While I'm writing these out, can't resist noting one of my favourite OS X commands:

xattr -d "com.apple.quarantine" /Applications/Visual\ Studio\ Code.app

Which gets rid of the stupid lock by default on most executables on OS X.

LSF basics (recap)

Submit jobs with bsub.
Check your jobs with bjobs. bjobs -d to include recently finished jobs.
View the queues with bqueues. Change jobs with bswitch.
bstop, bresume, brestart to manage running jobs. End jobs with bkill.
bhosts and lshosts to see worker nodes.
bmod to change a job.

Most of these you can add -l to get much more information. bqueues -l is interesting as it shows your current fair-share priority (lower if you've just run a lot of jobs).

There are more, but these are the main ones. Checkpointing doesn't work well, as far as I know.

Getting jobs to run and requesting resources

It's frustrating when your jobs take a long time to run. Requesting the right amount of resources both helps your job find a slot in the cluster to run, and lowers the load overall helping everyone's jobs to run.

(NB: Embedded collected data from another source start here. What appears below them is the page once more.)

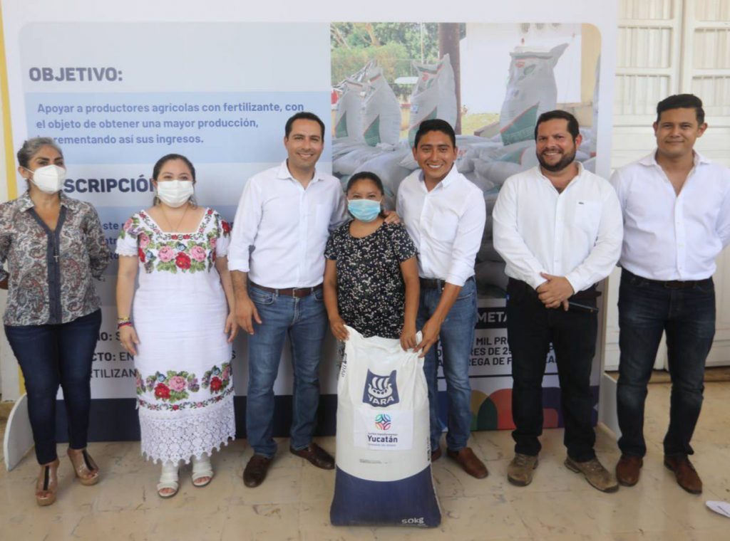 Para continuar impulsando la siembra de nuevos cultivos que permitan la comercialización y el autoconsumo para familias yucatecas, Vila Dosal continuó con la entrega de sacos de fertilizantes en esta demarcación, como parte de un plan que apoya a más de 10,000 hombres y mujeres dedicados a las actividades agrícolas en 25 municipios del estado.
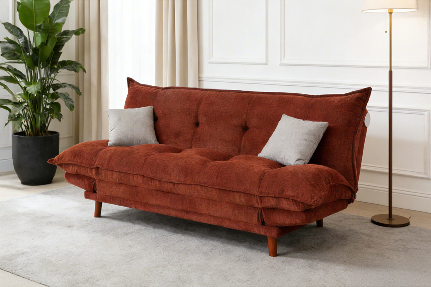 This convertible sofa bed easily transforms from a sofa to a bed. It features an adjustable backrest and side sections, with thick tufted cushions for comfort. Ideal for living rooms, guest rooms, apartments, or dorms.
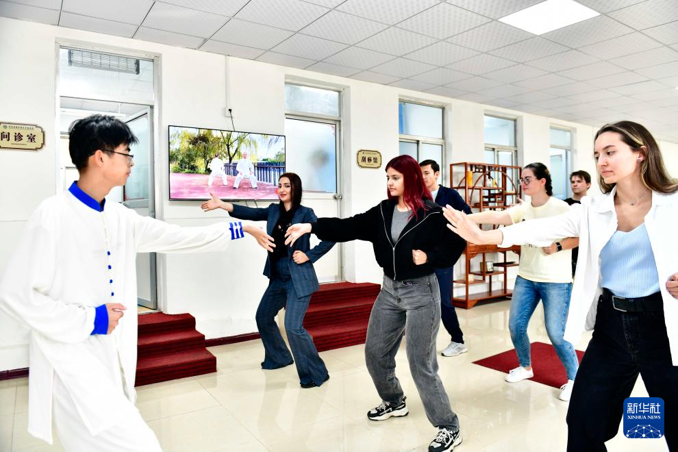 10月18日,在青岛西海岸新区中医医院,来自山东科技大学国际交流学院的留学生在学习八段锦。

That being said, I don't want to put anyone off experimenting or running code on the HPC. Don't worry about trying things out or if you get resource use wrong. Over time improving your accuracy is worthwhile, but it's always difficult with a new task -- very common in research! We now have some nice diagnostics and history here I'd recommend checking out periodically to keep track of how you're doing: http://hoxa.windows.ebi.ac.uk:8080/.

The basic resources for each CPU job are:

CPU time (walltime)
Number of CPU cores
Memory
/tmp space

Though the last of these isn't usually a concern, we have lots of fast scratch space you can point to if needed. Disk quotas are managed outside of LSF and I won't discuss them here.

When choosing how much of these resources to request, you want to avoid:

The job failing due to running out of resources.
Using far less than the requested resources.
Long running jobs.
Inefficient resource use (e.g. partial parallelisation, peaky maximum memory).
Requesting resources which are hard to obtain (many cores, long run times, lots of memory, lots of GPUs).
Lots of small jobs.
Inefficient code.

Typically 1) is worse than 2). Those resources were totally wasted rather than partially wasted. We will look at this in the exercise.

Long running jobs are bad because failure comes at a higher cost, and it makes the cluster use less able to respond to dynamic demand. Considering adding parallelisation rather than a long serial job if possible, or adding some sort of saving of state so jobs can be resumed.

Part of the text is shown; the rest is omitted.